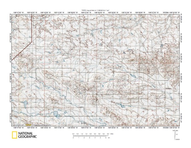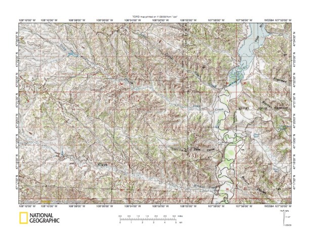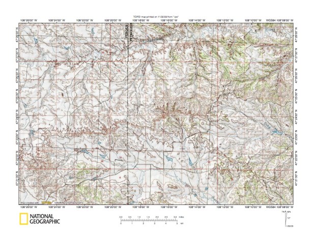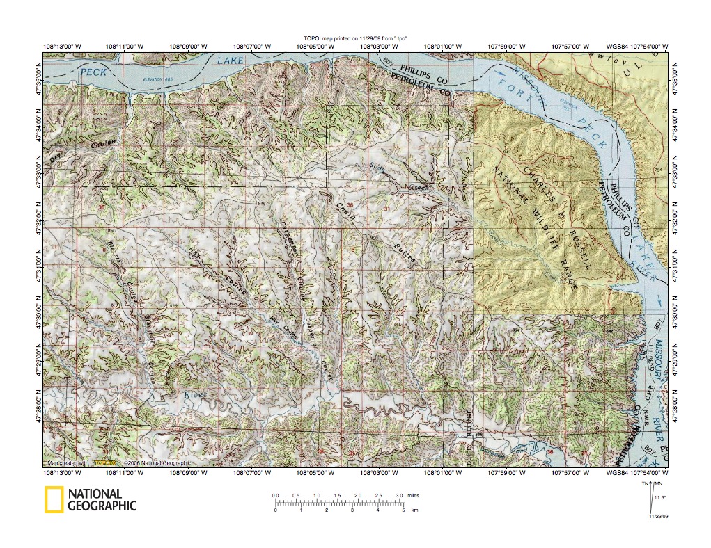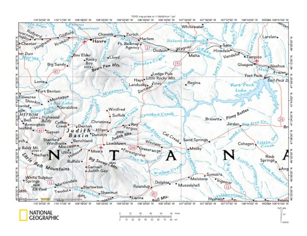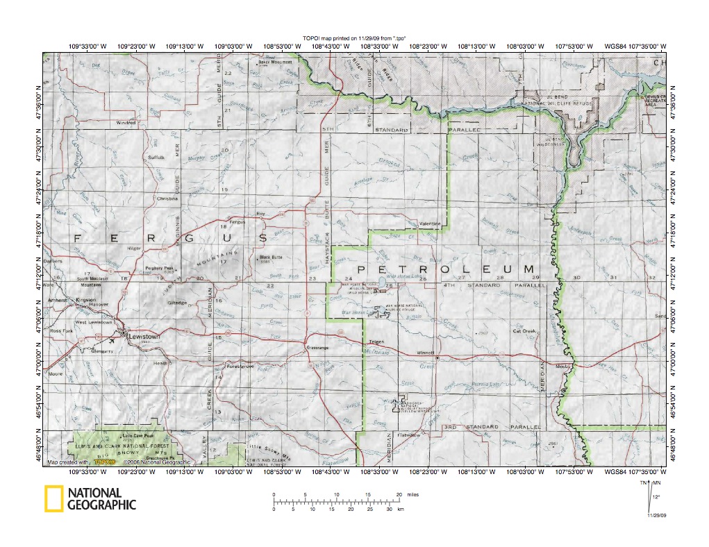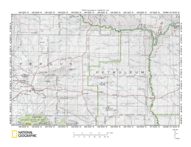 Figure 1: Missouri River-Musselshell River drainage divide area location map (select and click on maps to enlarge). National Geographic Society map digitally presented using National Geographic Society TOPO software.
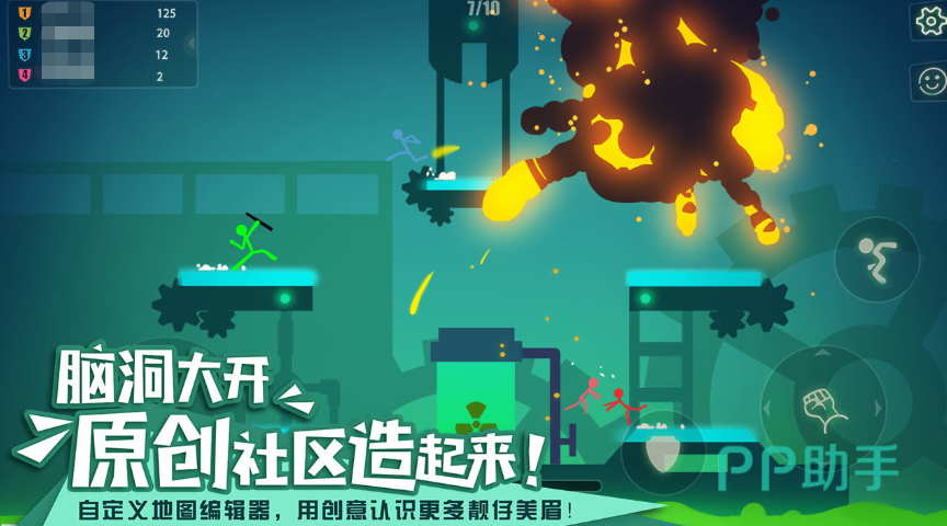 大家别看游戏内的火柴人角色很是简单,但是其玩法却是非常的有趣味性,100多张奇葩的地图,还有各种爆笑的脑洞武器,玩家都是可以进行体验的。同时在这里我们还可以自主创造地图,邀请其他玩家在自己的地图内进行冒险战斗,更多脑洞玩法超乎大家想象。游戏拥有很多神奇操作模式,我们可以通过地图编辑来达到创作的目的,创作出来地图还可以分享给全服玩家,与更多火柴人伙伴一起进行对决,同时每一个玩家都能成为段子手,我们可以在游戏大厅发布弹幕,每一句呐喊都能被所有玩家看到。
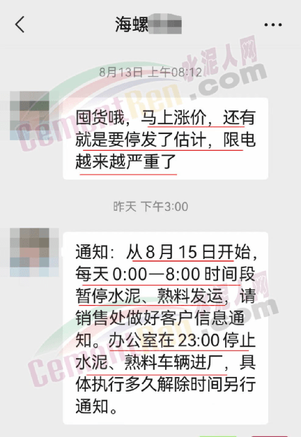 海螺水泥提醒经销商,“囤货哦,马上涨价,还有就是要停发了估计,限电越来越严重了。”并发出通知称:“从8月15日开始,每天0时至8时时间段暂停水泥、熟料发运,请销售处做好客户信息通知。办公室在23∶00停止水泥、熟料车辆进厂,具体执行多久解除时间另行通知。”
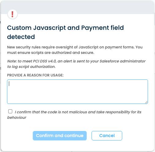 If your organization adds custom JavaScript to a payment-enabled form, your organization is responsible for reviewing, authorizing, and monitoring that code.
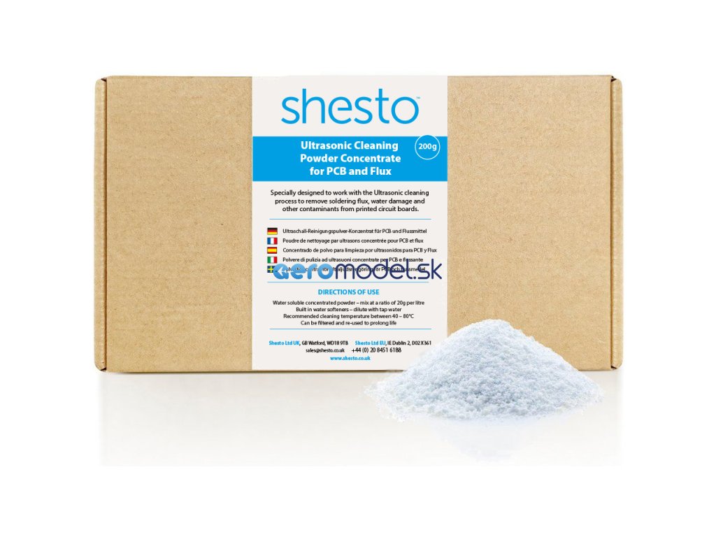 Speciálně navržený koncentrovaný prášek rozpustný ve vodě, pro ultrazvukové čištění k odstranění pájecího tavidla, oxidace a dalších nečistot z desek plošných spojů. Vytvoření až 10 l roztoku z 200 g koncentrátu. Pro prodloužení životnosti lze roztok filtrovat a znovu použít. Práškový koncentrát se oproti klasickým roztokům snáze skladuje.
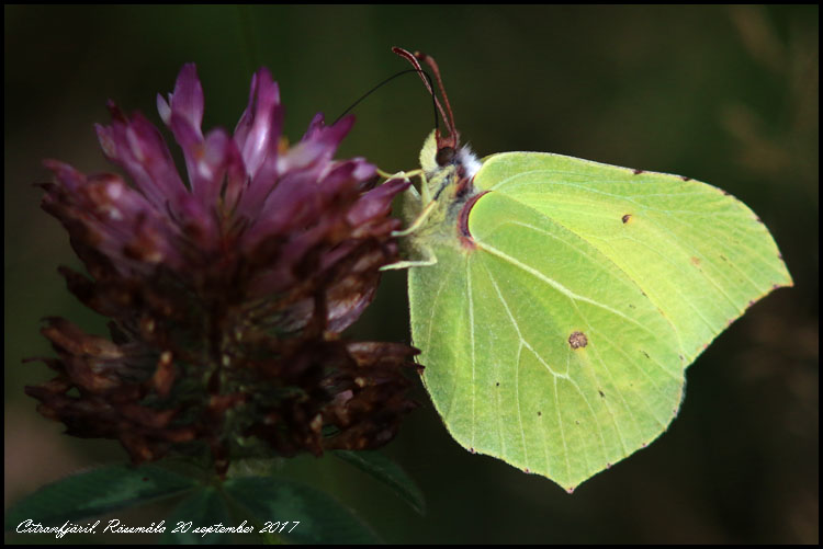 Ett par citronfjärilar, tre amiralfjärilar och en eldsnabbvinge har jag sett idag. Fjärilarna närmar sig flygandets säsongslut. |
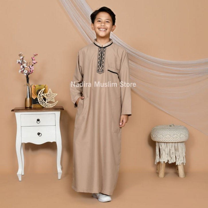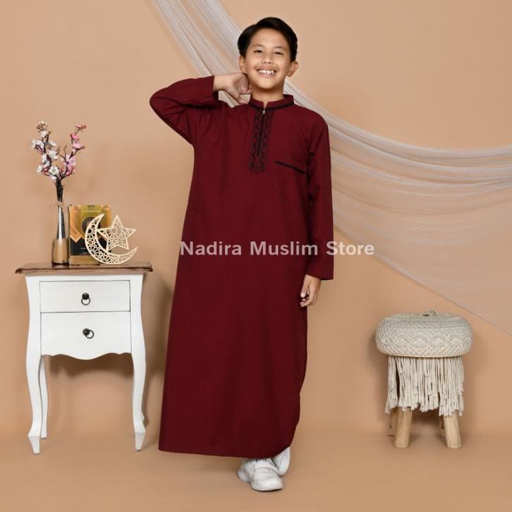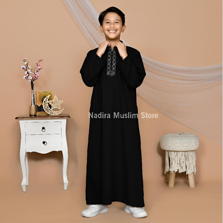 Jubah Anak Laki Laki Bordir Simple Elegant 3-16 Tahun Gamis Anak Laki Laki Katun Premium Termurah
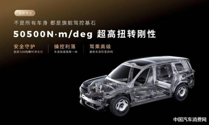 新车采用九横三纵四连环笼式车身,悬架为前双叉臂+后五连杆结构,除了带有双腔闭式空悬+CDC减振之外,还拥有MKC2线控制动、博世R-EPS转向以及LMC2.0底盘控制系统加持,支持底盘预瞄主动控制、双轮爆胎控制、3.6米级圆规掉头等功能。
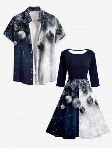 Christmas Ball Snowflake Colorblock Printed Midi 50's Vintage A Line Dress - Noir - Noir
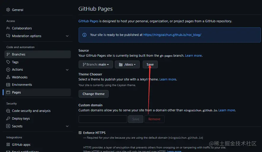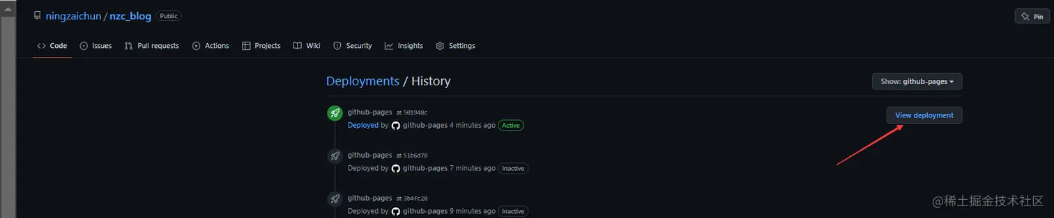 gh-pages 已经在五分钟前 push 了.当我框起来的那个地方,变成 active就表示已经部署完成,可以进行访问了.
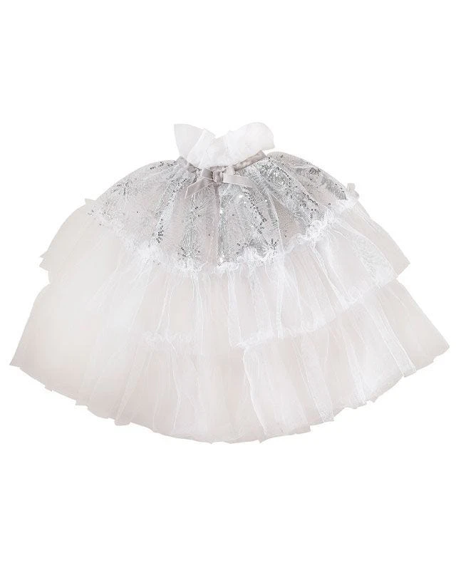 This cape is made from white tulle and features silver sequin detailing, finished with a silver velevet ribbon tie. 100% Polyester.
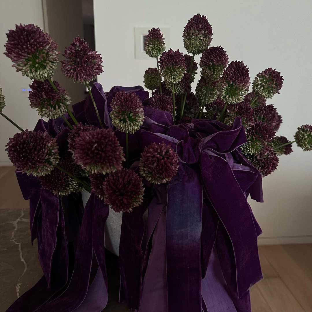 This striking arrangement features a cluster of deep purple Allium sphaerocephalon blooms, their spherical flower heads creating a unique texture, accented by rich purple velvet ribbons in a white vase
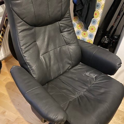 Annetaan ikean keinonahkainen pieni musta nojatuoli. Muuten hyvässä kunnossa mutta pieni repeämä takana, mistä erikseen kuva.
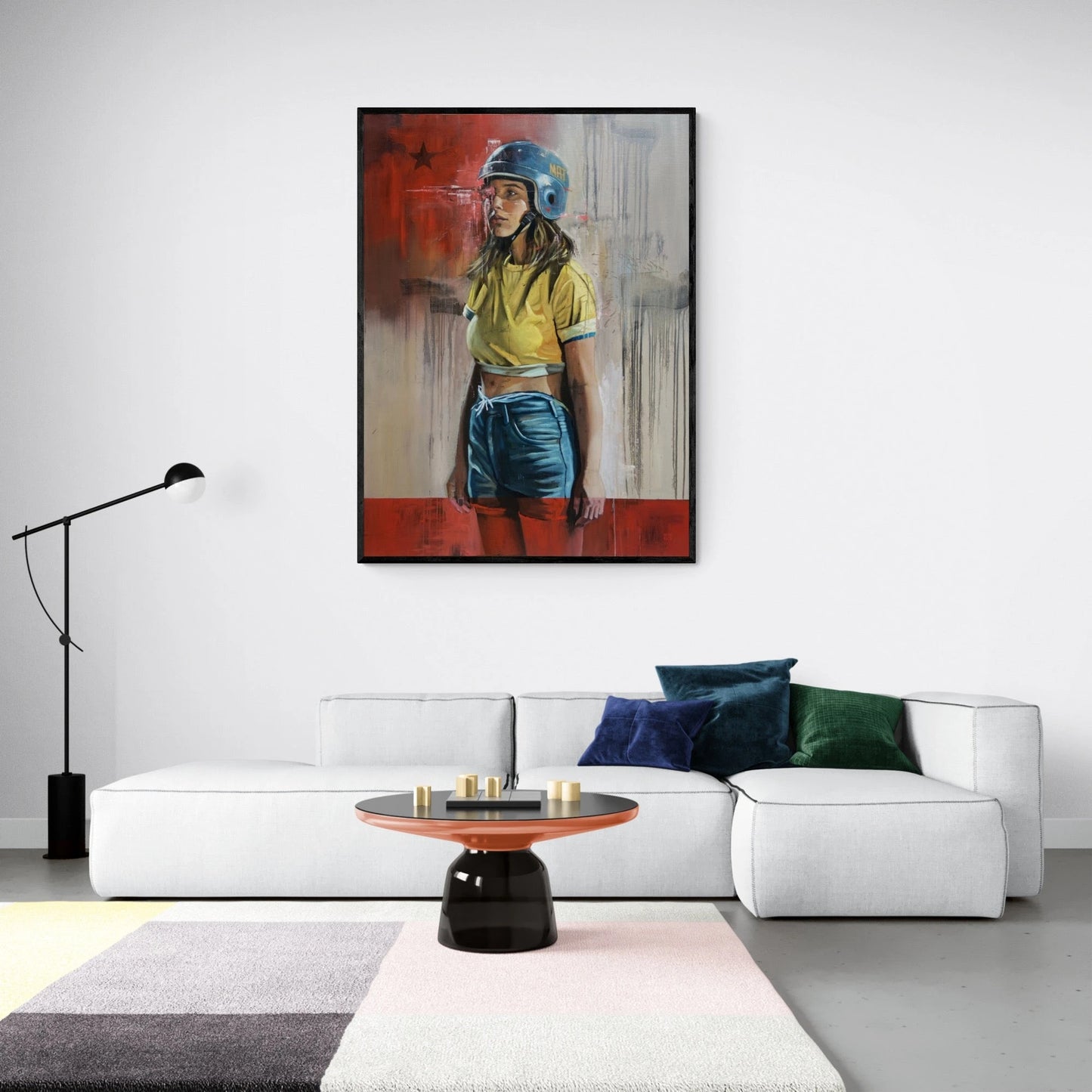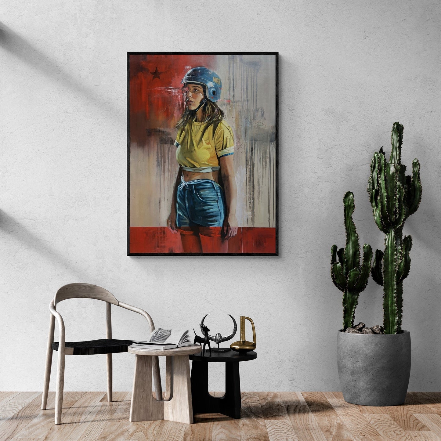 The painting, with dimensions of 130 by 97 centimeters, showcases a young woman marked by a protective helmet, her countenance reflecting a serene resolve.

---------------

▶ **TASK DIRECTIONS**: Nothing but the pictures should be left out when the records are retyped exactly.

▶ **EXERCISE OUTPUT**:
 Figure 1: Missouri River-Musselshell River drainage divide area location map (select and click on maps to enlarge). National Geographic Society map digitally presented using National Geographic Society TOPO software.
 大家别看游戏内的火柴人角色很是简单,但是其玩法却是非常的有趣味性,100多张奇葩的地图,还有各种爆笑的脑洞武器,玩家都是可以进行体验的。同时在这里我们还可以自主创造地图,邀请其他玩家在自己的地图内进行冒险战斗,更多脑洞玩法超乎大家想象。游戏拥有很多神奇操作模式,我们可以通过地图编辑来达到创作的目的,创作出来地图还可以分享给全服玩家,与更多火柴人伙伴一起进行对决,同时每一个玩家都能成为段子手,我们可以在游戏大厅发布弹幕,每一句呐喊都能被所有玩家看到。
 海螺水泥提醒经销商,“囤货哦,马上涨价,还有就是要停发了估计,限电越来越严重了。”并发出通知称:“从8月15日开始,每天0时至8时时间段暂停水泥、熟料发运,请销售处做好客户信息通知。办公室在23∶00停止水泥、熟料车辆进厂,具体执行多久解除时间另行通知。”
 If your organization adds custom JavaScript to a payment-enabled form, your organization is responsible for reviewing, authorizing, and monitoring that code.
 Speciálně navržený koncentrovaný prášek rozpustný ve vodě, pro ultrazvukové čištění k odstranění pájecího tavidla, oxidace a dalších nečistot z desek plošných spojů. Vytvoření až 10 l roztoku z 200 g koncentrátu. Pro prodloužení životnosti lze roztok filtrovat a znovu použít. Práškový koncentrát se oproti klasickým roztokům snáze skladuje.
 Ett par citronfjärilar, tre amiralfjärilar och en eldsnabbvinge har jag sett idag. Fjärilarna närmar sig flygandets säsongslut. |
 Jubah Anak Laki Laki Bordir Simple Elegant 3-16 Tahun Gamis Anak Laki Laki Katun Premium Termurah
 新车采用九横三纵四连环笼式车身,悬架为前双叉臂+后五连杆结构,除了带有双腔闭式空悬+CDC减振之外,还拥有MKC2线控制动、博世R-EPS转向以及LMC2.0底盘控制系统加持,支持底盘预瞄主动控制、双轮爆胎控制、3.6米级圆规掉头等功能。
 Christmas Ball Snowflake Colorblock Printed Midi 50's Vintage A Line Dress - Noir - Noir
 gh-pages 已经在五分钟前 push 了.当我框起来的那个地方,变成 active就表示已经部署完成,可以进行访问了.
 This cape is made from white tulle and features silver sequin detailing, finished with a silver velevet ribbon tie. 100% Polyester.
 This striking arrangement features a cluster of deep purple Allium sphaerocephalon blooms, their spherical flower heads creating a unique texture, accented by rich purple velvet ribbons in a white vase
 Annetaan ikean keinonahkainen pieni musta nojatuoli. Muuten hyvässä kunnossa mutta pieni repeämä takana, mistä erikseen kuva.
 The painting, with dimensions of 130 by 97 centimeters, showcases a young woman marked by a protective helmet, her countenance reflecting a serene resolve.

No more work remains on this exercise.